## WHAT YOU HAVE TO DO
The copy you give must match the listing below exactly and contain no pictures.

╭─ DATA EXCERPT

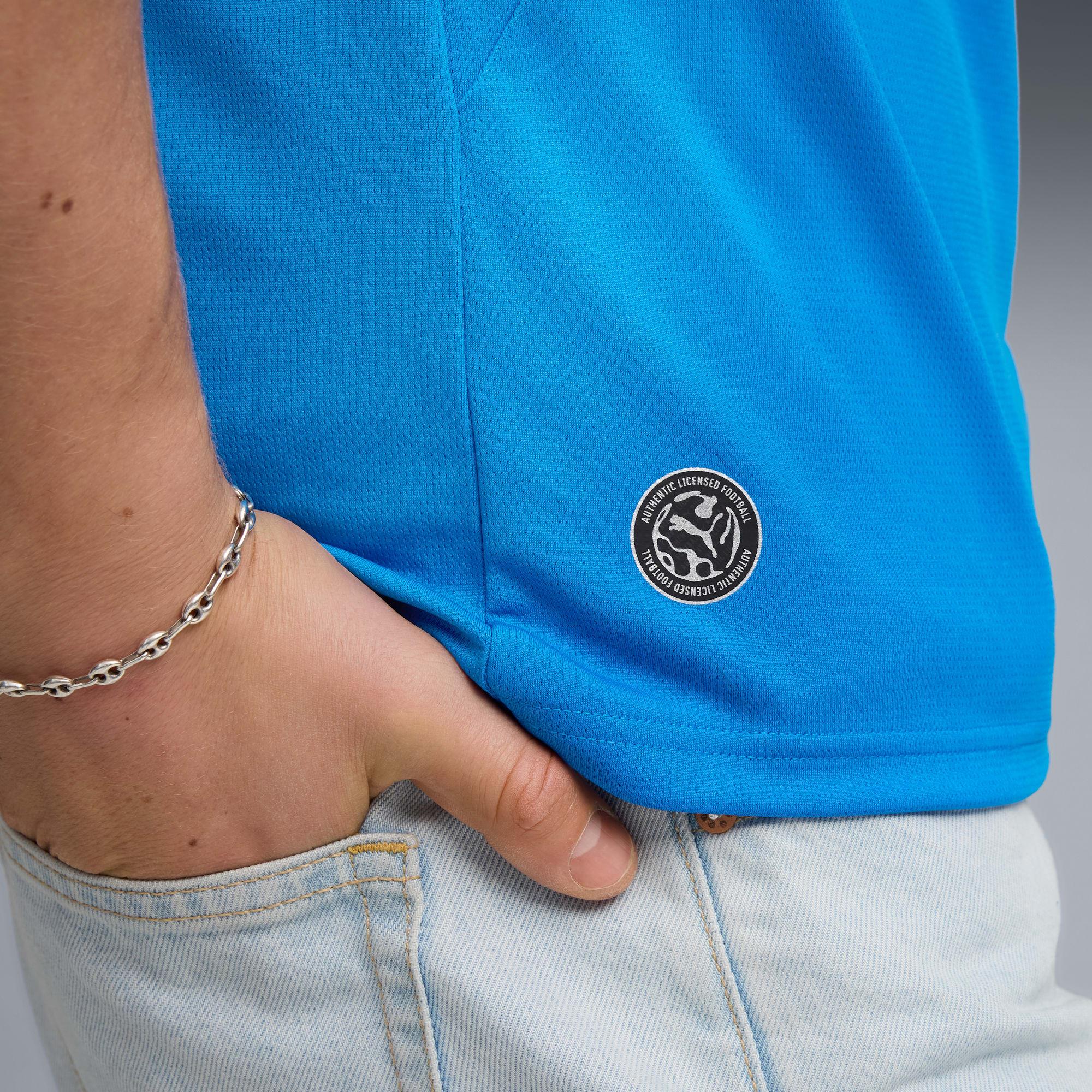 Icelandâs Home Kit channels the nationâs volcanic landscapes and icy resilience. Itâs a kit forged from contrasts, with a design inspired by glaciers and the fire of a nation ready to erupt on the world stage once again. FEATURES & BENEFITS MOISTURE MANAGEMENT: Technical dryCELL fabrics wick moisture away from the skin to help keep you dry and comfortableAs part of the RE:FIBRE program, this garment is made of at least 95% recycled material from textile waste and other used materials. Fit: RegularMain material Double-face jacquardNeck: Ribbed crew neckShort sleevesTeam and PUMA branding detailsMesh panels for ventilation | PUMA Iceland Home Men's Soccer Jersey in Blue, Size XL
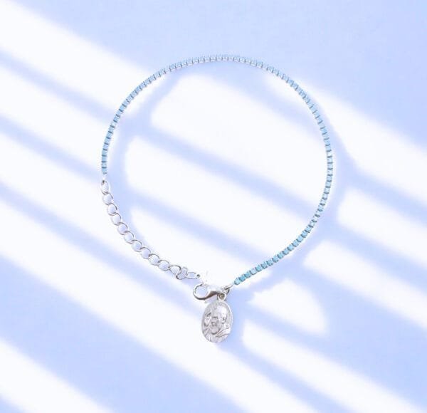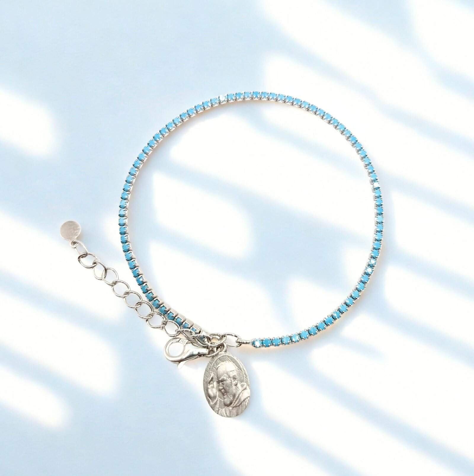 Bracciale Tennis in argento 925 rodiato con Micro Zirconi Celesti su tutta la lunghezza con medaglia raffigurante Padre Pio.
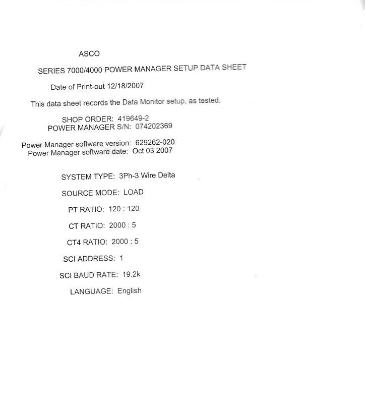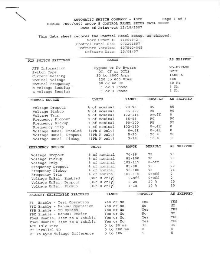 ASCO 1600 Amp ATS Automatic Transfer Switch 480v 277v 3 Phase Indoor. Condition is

╰─

## ANSWER SECTION
 Icelandâs Home Kit channels the nationâs volcanic landscapes and icy resilience. Itâs a kit forged from contrasts, with a design inspired by glaciers and the fire of a nation ready to erupt on the world stage once again. FEATURES & BENEFITS MOISTURE MANAGEMENT: Technical dryCELL fabrics wick moisture away from the skin to help keep you dry and comfortableAs part of the RE:FIBRE program, this garment is made of at least 95% recycled material from textile waste and other used materials. Fit: RegularMain material Double-face jacquardNeck: Ribbed crew neckShort sleevesTeam and PUMA branding detailsMesh panels for ventilation | PUMA Iceland Home Men's Soccer Jersey in Blue, Size XL
 Bracciale Tennis in argento 925 rodiato con Micro Zirconi Celesti su tutta la lunghezza con medaglia raffigurante Padre Pio.
 ASCO 1600 Amp ATS Automatic Transfer Switch 480v 277v 3 Phase Indoor. Condition is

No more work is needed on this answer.